Debt Ceiling Debacle
To be completely honest, this is not what I wanted to discuss in this month’s blog, but it feels like the elephant in the room, so here we go! I will make it short and sweet, I promise. I will also strive to keep politics out of it, although I can be an equal political party basher. As of this writing, the new deadline to raise the debt ceiling is June 5th (originally June 1st).
A Brief History
Raising or suspending the debt ceiling becomes necessary when the government needs to borrow money to pay its debts. While this was not much of a problem during the first 90 years of its existence, over the last decade or so, Congress has gone on a spending spree, making it a contentious topic every year it seems.
Since 2009, the U.S. debt has nearly tripled. Voting on raising the debt limit is a way for Congress to keep their spending in check. When there is disagreement among political parties, rumors of a global economic meltdown start filling the media. In all instances so far, a deal was eventually reached; many times, in the eleventh hour. In a few cases, the government shut down. The most recent was for 35 days in 2018 (longest in history).
Is it different this time? Republicans and Democrats are not on the same page, but that is certainly nothing new. Most experts believe a deal will be reached in time. However, the U.S. credit rating is on watch… yet again.
What Should You Do?
Turn off the news. I’m only partly kidding, however, the real question is, what should you do with your investments if there is a market crash or a recession? My general guidance has always been that investing comes with risk and you should invest based on your timeframe, tolerance for risk, and your goals, not politics or socioeconomic events.
In addition, these are events in time that may or may not cause a catastrophe. If they do and you time it correctly by going to cash at the right time (e.g., account does not go down in value), chances are you will not know the right time to get back in, thus losing a potential big market uptick. In the event of a recession and as a general rule, it’s always a good idea to have a healthy savings account and some cash on hand to avoid borrowing or overusing credit in tough times.
It is natural to be worried.

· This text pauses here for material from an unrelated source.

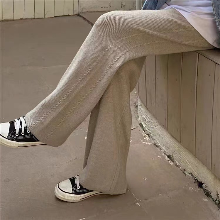 Design twist knitted wide-leg pants for women autumn and winter thickened high waist draping mop pants casual straight pants

The media is great at keeping us on edge, especially with things that are seemingly out of our control. The good news is, if you are invested for the long-term and contributing to your investments regularly, if there is a market drop, you are buying at a discount.
Full disclosure: I do not know what will happen, but I am not making any changes to my portfolio. These events will continue to occur, so it will be important to either “ignore the hype”, re-evaluate your investment philosophy, or talk with a trusted financial advisor about your concerns. God bless America.